Prior to his appointment as acting Solicitor General, Professor Dellinger served
in numerous other capacities in the Clinton Administration. In 1993 Dellinger
was nominated by the President to be Assistant Attorney General and head of
the Office of Legal Counsel and was confirmed by the Senate in October 1993.
During his three years as Assistant Attorney General, he served as the Department's
principal legal advisor to the Attorney General and the President.
Professor Dellinger has published articles on constitutional issues for scholarly
journals, has testified more than twenty-five times before committees of the
Congress, and has given endowed lectures at numerous American and European universities.
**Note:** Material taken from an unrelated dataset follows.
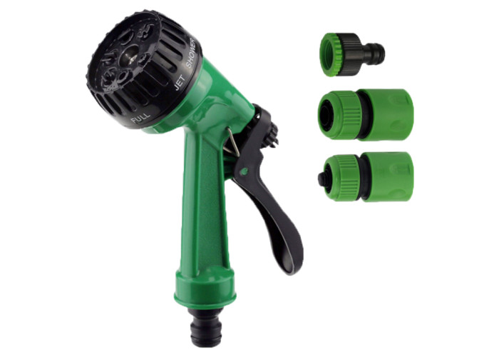 Набір для поливу пістолет розпилювач 7-ми режимний 2 коннектора + адаптер на шланг ¾ "Grad (5012545) призначений для спрямованого поливу присадибних ділянок, городів, клумб, газонів і т.д. Набір дозволяє зібрати поливальну лінію і підключити її до водопровідної труби або крану. Переваги: Ударостійкий пластик; Можливість підключення до шлангу та водопровідного крану; Швидкий і легкий монтаж.

Boston College Law School opened in 1929 in a small downtown Boston office building
with 54 students and two full-time faculty members. Currently ranked 29th in
the country by the annual US News & World Report survey, the law school’s
highly qualified students are drawn from more than 230 colleges and universities
across the United States, as well as in other countries. More than 7,850 applicants
competed for 260 seats in the entering class this year. The law school’s
10,000 alumni practice in 49 states and several foreign countries, holding positions
in major law firms, corporate in-house legal departments, the judiciary, government
agencies, private industry, academic and public interest organizations, and
serving as elected state legislators and members of the U.S. Congress.